Definition
A diode is a two-terminal semiconductor component that allows current to flow easily in one direction (forward bias) while blocking it in the reverse direction. This one-way behaviour comes from a P-N junction: when the anode is positive relative to the cathode by more than the forward voltage drop (about 0.6-0.7V for silicon, ~0.3V for Schottky types), the junction conducts; reverse the polarity and a depletion region widens to block the flow. That asymmetry makes diodes the workhorse of rectification, polarity protection, and signal steering throughout an ASIC miner's power path.
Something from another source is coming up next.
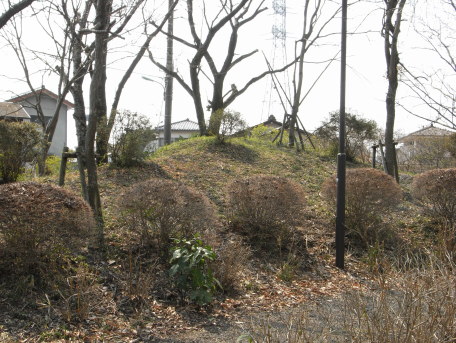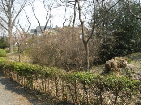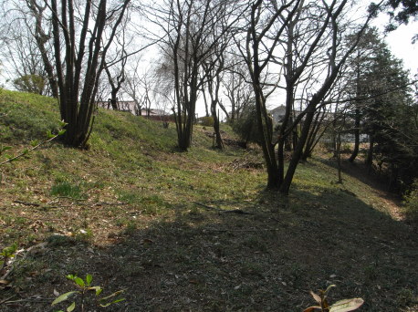 | 主郭西側の土塁と帯曲輪跡。 | |

Where diodes appear in a hashboard
On a hashboard and PSU you will find rectifier diodes converting AC to DC in the supply, Schottky diodes in the buck-converter switching stages for fast, low-loss conduction, and small signal diodes protecting control lines. Zener diodes set reference voltages or clamp transients. Because diodes drop a predictable voltage and conduct directionally, they are also a diagnostic gift to a repair technician.
Testing a diode
A multimeter in diode-test mode applies a small current and reads the forward drop. A healthy silicon diode reads roughly 0.5-0.7V one way and open-circuit (OL) the other. A reading of 0V both directions means a short; OL both directions means an open. A shorted protection or rectifier diode is a common cause of a board that trips a bench supply's current limit the instant power is applied. In our repair work, checking diodes early often isolates a power fault before any chip-level probing begins.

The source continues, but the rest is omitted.